I have a feeling that gender inequality is closing up and will close up much faster than racial inequalities, and here is why. Look at the percentages of those who succeed in public education, of those who go on to college and graduate. Women are dominating in both by far. But it is a fairly recent phenomenon, with these women still only in their 20s and 30s. But we'll see, in the next 20 years, and with 20 more years of similar percentages, the gender inequality disappear (and perhaps reverse!) And why is it that women succeed so much more in academia? It's not affirmative action, that's for sure. It's a whole slew of other factors. Women are now the majority in college more often than not. Men are a minority.

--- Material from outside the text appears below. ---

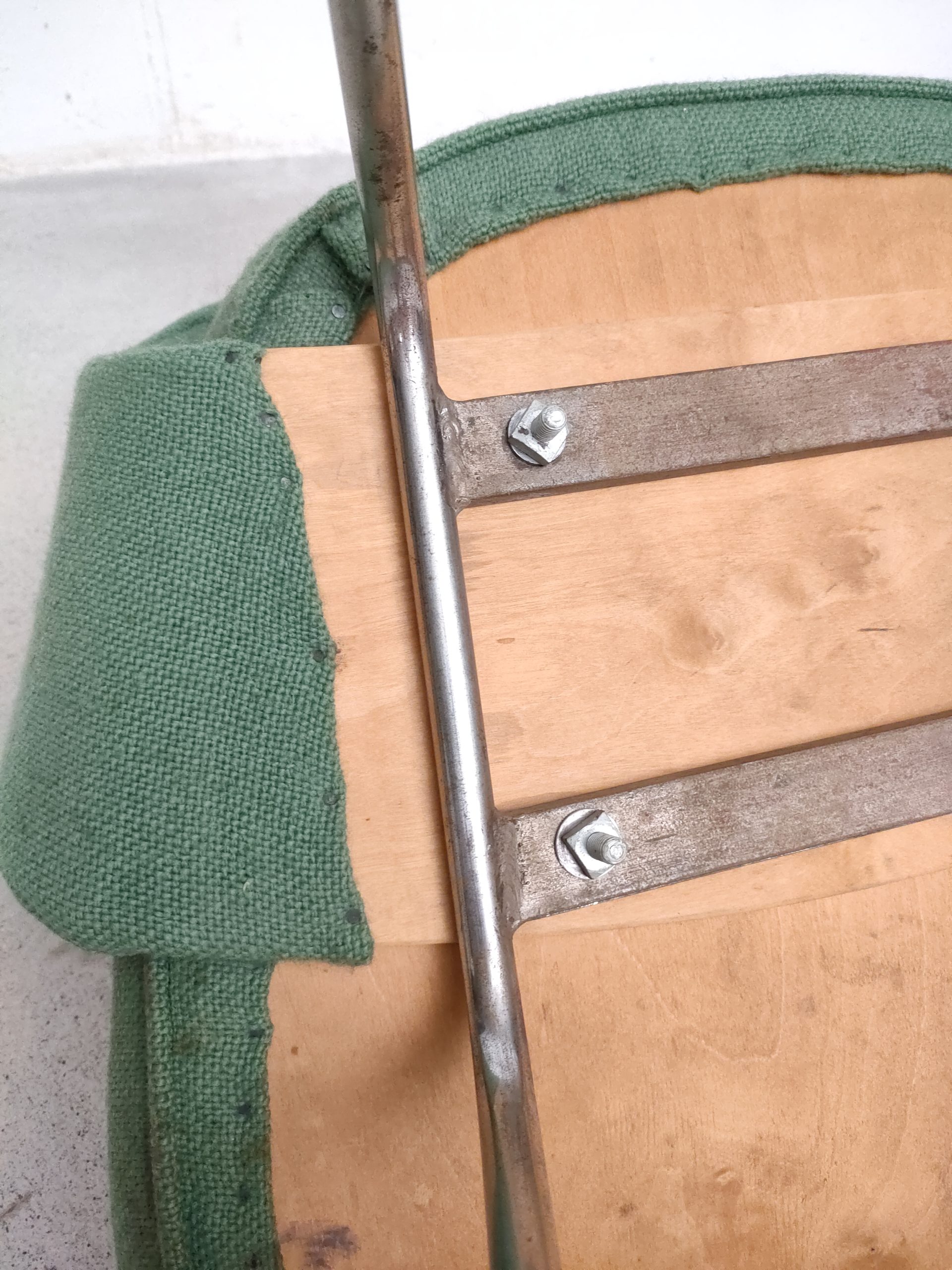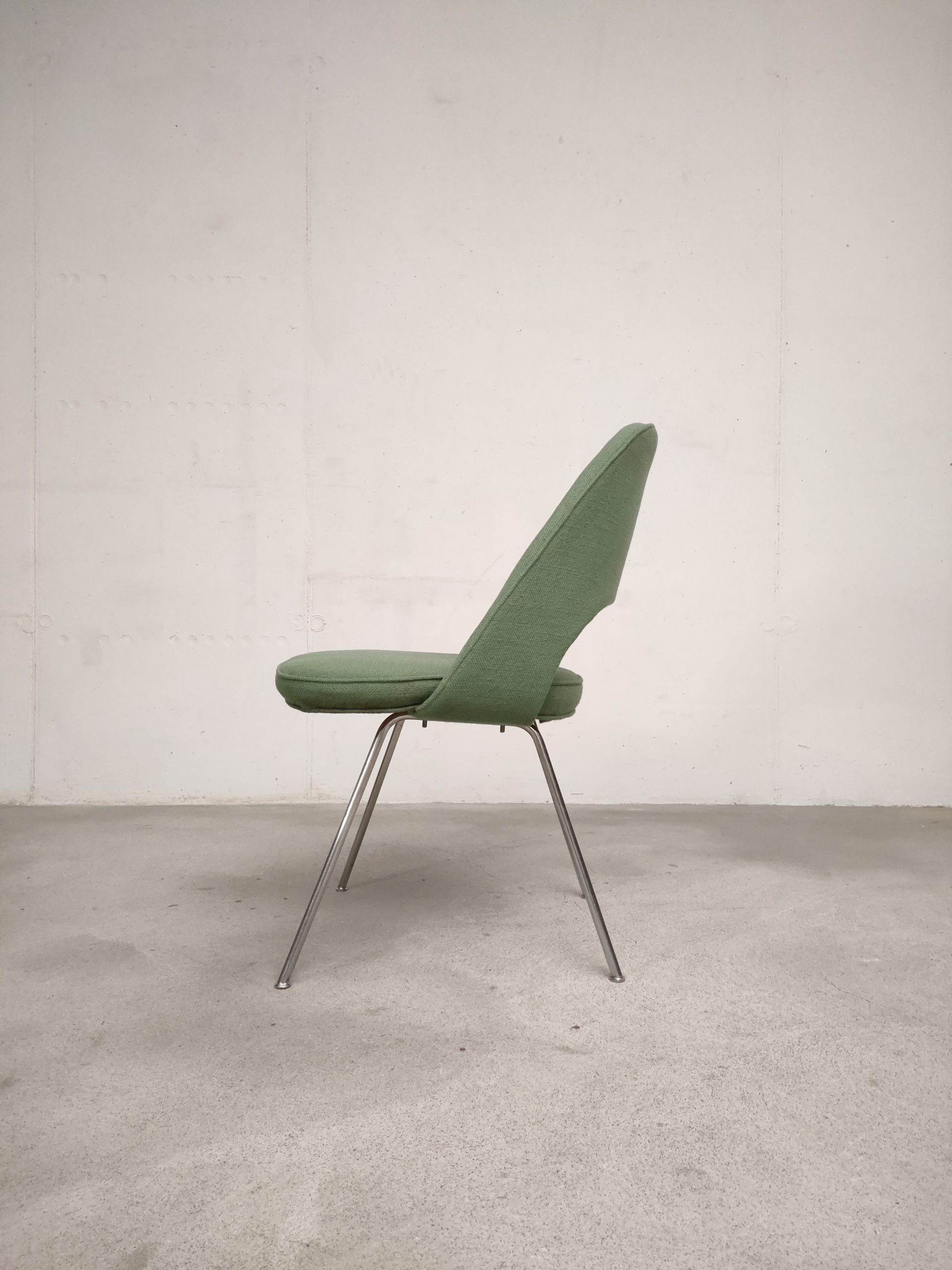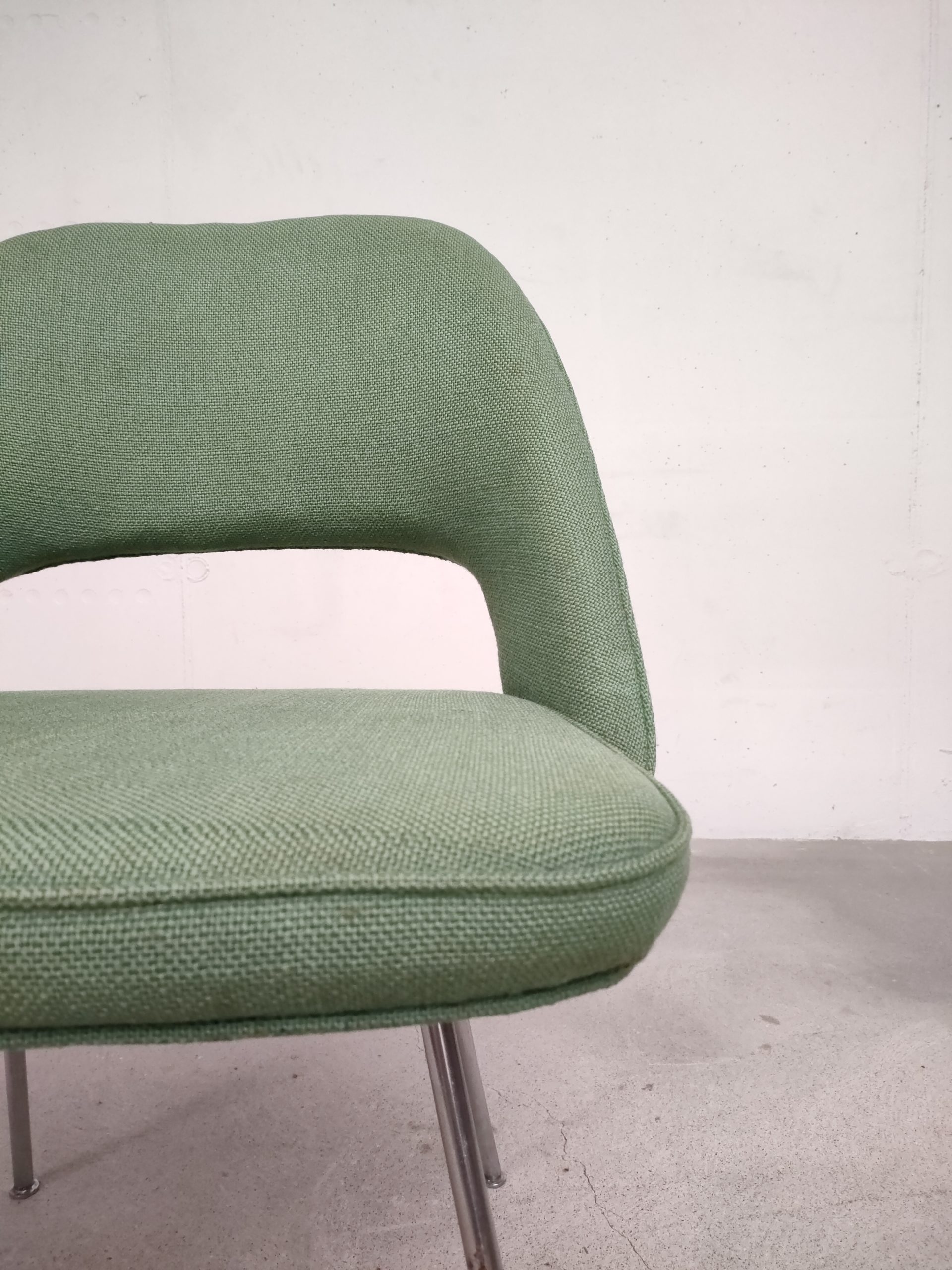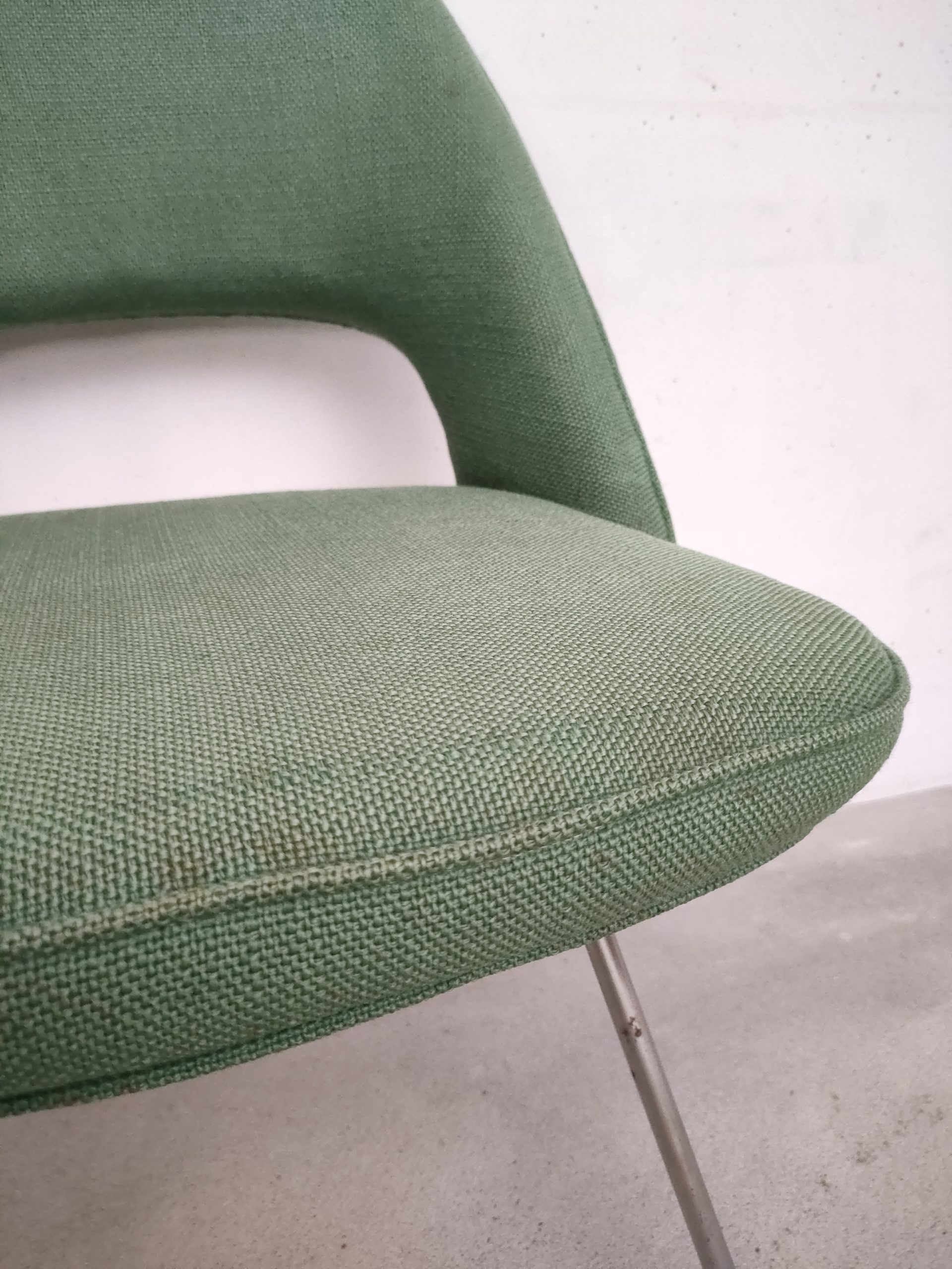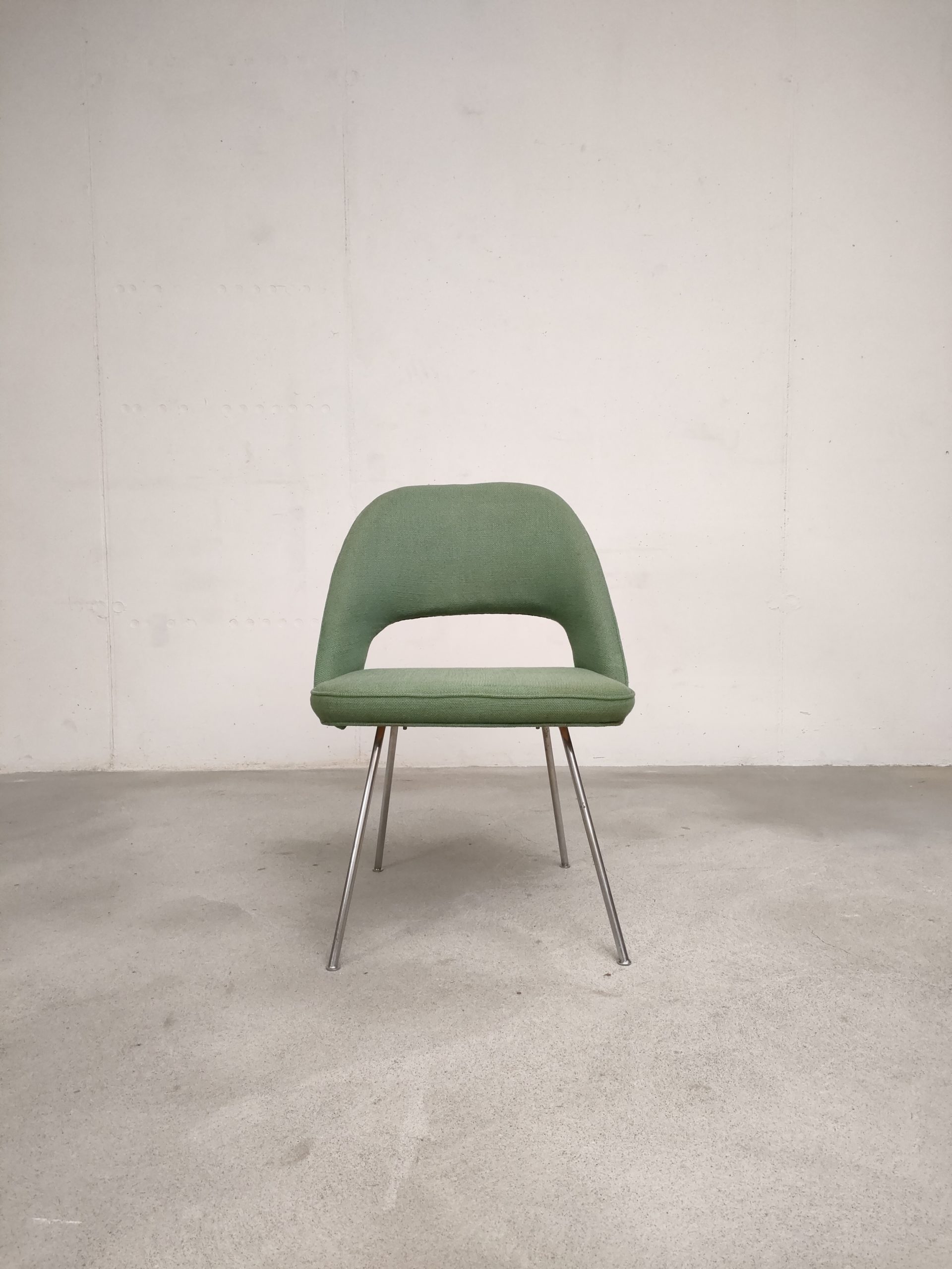 Produit venduChaise Executive avec piètement en métal est assise en bois avec tissu vert. Attribuée à Eero Saarinen pour Knoll (pas d’étiquette du fabricant). La chaise est stable et solide, le tissu ainsi que la mousse en bon état. Hauteur de l’assise: 45 cm.

Once again, we can't take such a broad theory of "white privilege" which does not apply in so many cases to form a policy of racial discrimination against white men that is somehow supposed to bring about racial and gender equity. It's economics, by far, always has been and always will be. Blacks living in the middle class have much much more privilege than whites living in poverty, whereas the difference in privilege between blacks and whites in poverty is practically non-existent and can go either way depending on circumstances. Put a poor white person in a black inner city or put a poor black person in a small, rural, poor white community. Then you may have differences in privilege, though not necessarily, and nowhere near as much as between the poor and the middle class, much less the rich.

We aren't focusing on the source of the inequity and are inflaming racial and gender division while we are at it with race and gender based affirmative action.